The change of course was immediate. The further the ship advanced, the clearer it became that it was not drifting ice, but a small island that was not correctly depicted as coastline on the available maps.
The approach reached 150 meters with at least 50 meters of water below the hull

The navigators brought the Polarstern in with extreme caution until it was 150 meters from the point, always keeping 50 meters of water under the keel. This detail shows the level of care taken to confirm what was before them.
After that, the ship circumnavigated the entire island and measured the seabed with onboard sonar. A drone was also used to generate an accurate aerial image and an elevation model that allowed for safer measurement of the coastline.
The map showed danger, but did not show the real coastline
According to Alfred Wegener Institute, a German polar and marine research center, the area appeared on the charts as a danger zone for navigation, but not as a coastline in other datasets. Additionally, the drawn position was about 1 nautical mile off the actual location.
This misalignment helps explain why the finding gained immediate significance. In satellite images, the ice cover made the island visually blend in with the surrounding icebergs, making it difficult to distinguish solid land from floating ice.
The numbers stand out in an area where only 25 percent of the seabed has been measured directly

The record gained extra importance because the issue involves not just an isolated rock. Today, just over 25 percent of the ocean floors on the planet have been mapped with direct measurements made by ships, while the rest still largely depends on indirect estimates.

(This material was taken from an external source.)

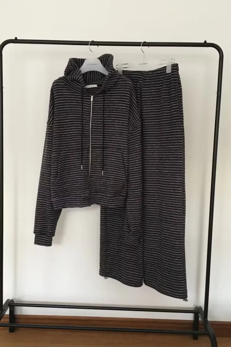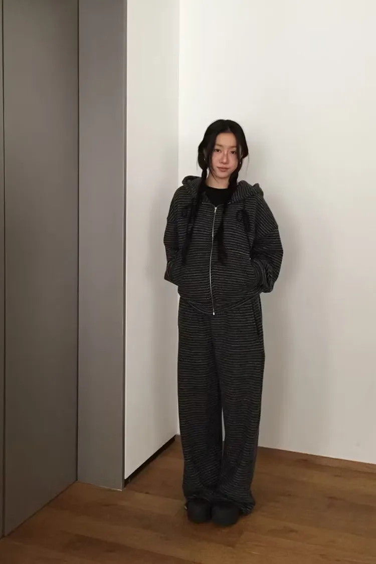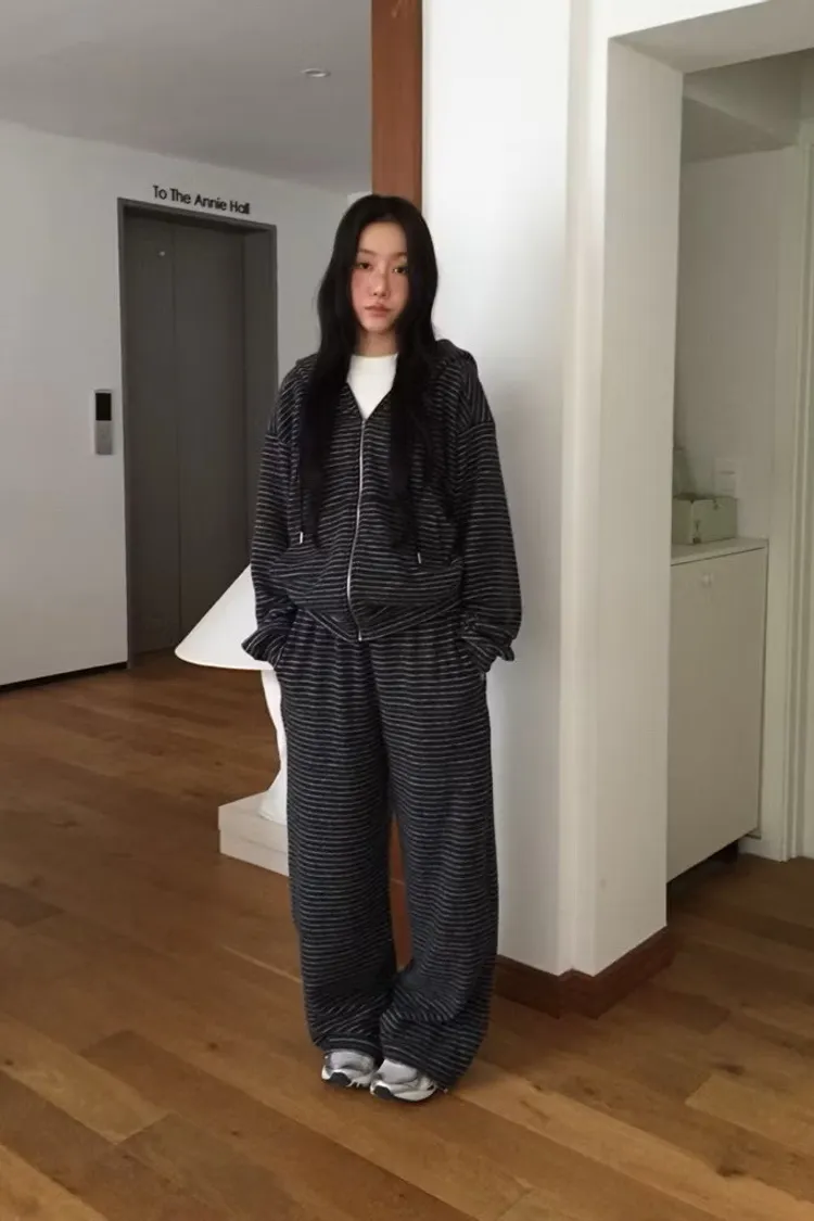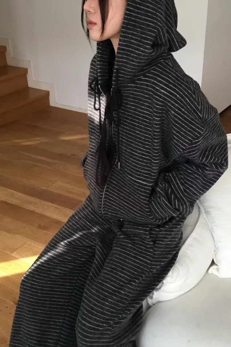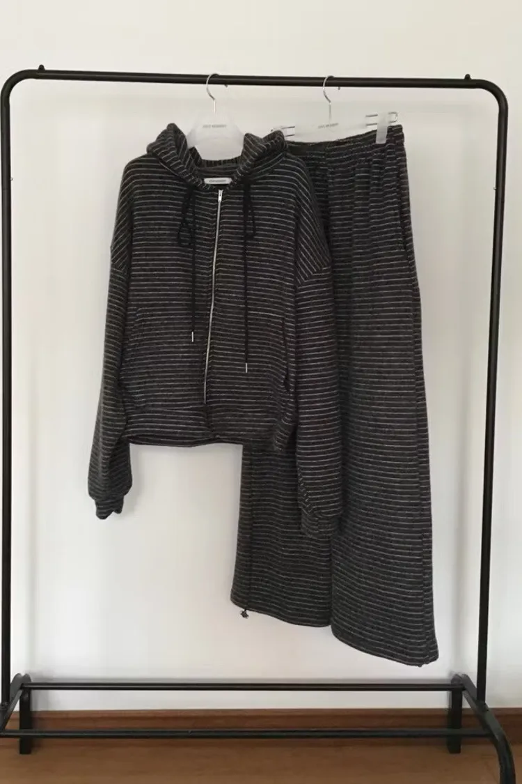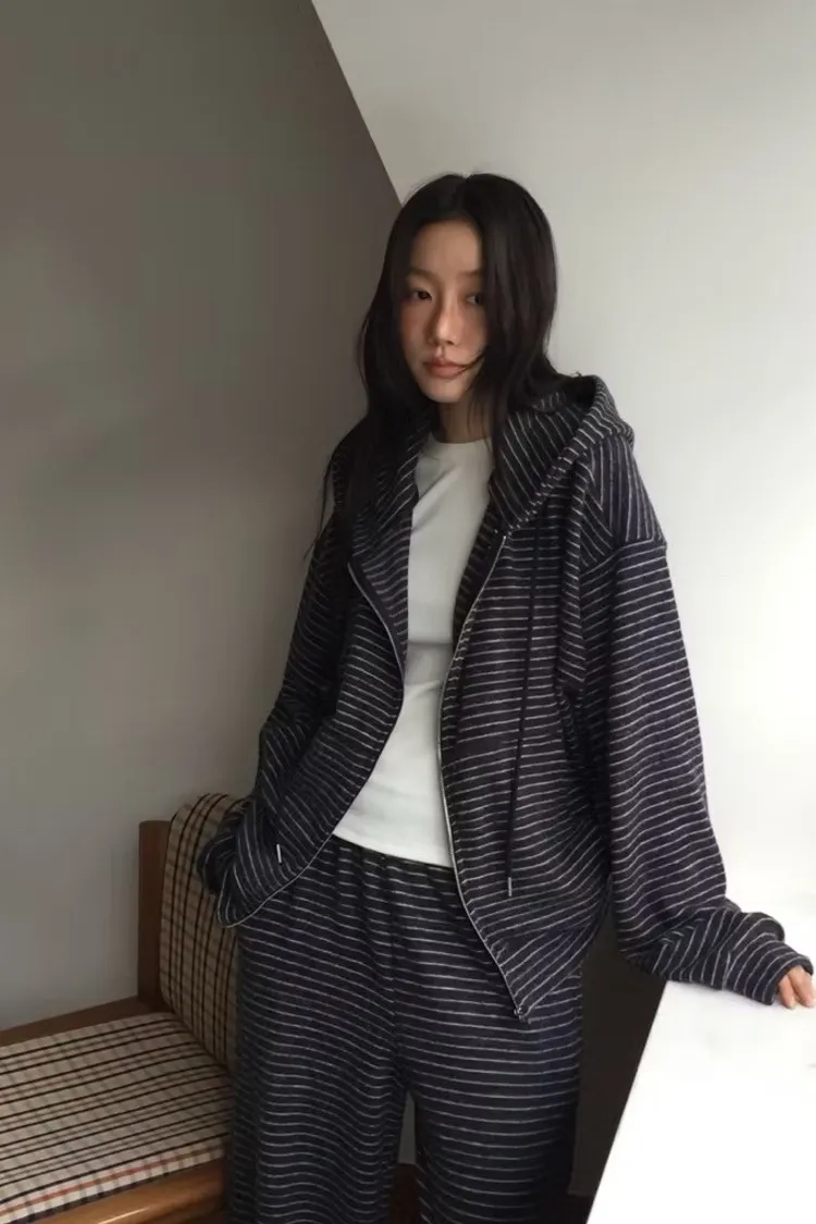 軟軟條紋連帽外套+長褲set

In polar regions, this weighs even more. When data coverage is thin, unmapped objects can simply disappear from the models used to produce seabed maps and navigation support charts.
Official name and exact position still await international registration
The precise coordinate of the island has not yet been publicly disclosed. The publication is expected to occur after the naming stage, which is important for inserting the point into international nautical charts and other databases used in Antarctica.
This process also helps to show how Antarctic geography is organized. The international name bank for the region contains 39,187 names linked to 20,159 features, submitted by national committees from 22 countries.
This case does not concern an island that was just born, but rather an island that has finally been measured correctly. Even small, it exposes how a difference of just a few numbers can alter routes, cartographic bases, and scientific reading in an extreme area.
With 130 meters in length and position corrected after a close-range check, the finding shifts from detail to a warning signal for maps, expeditions, and polar navigation. It is a small discovery in size but large in effect, changing the strategic reading.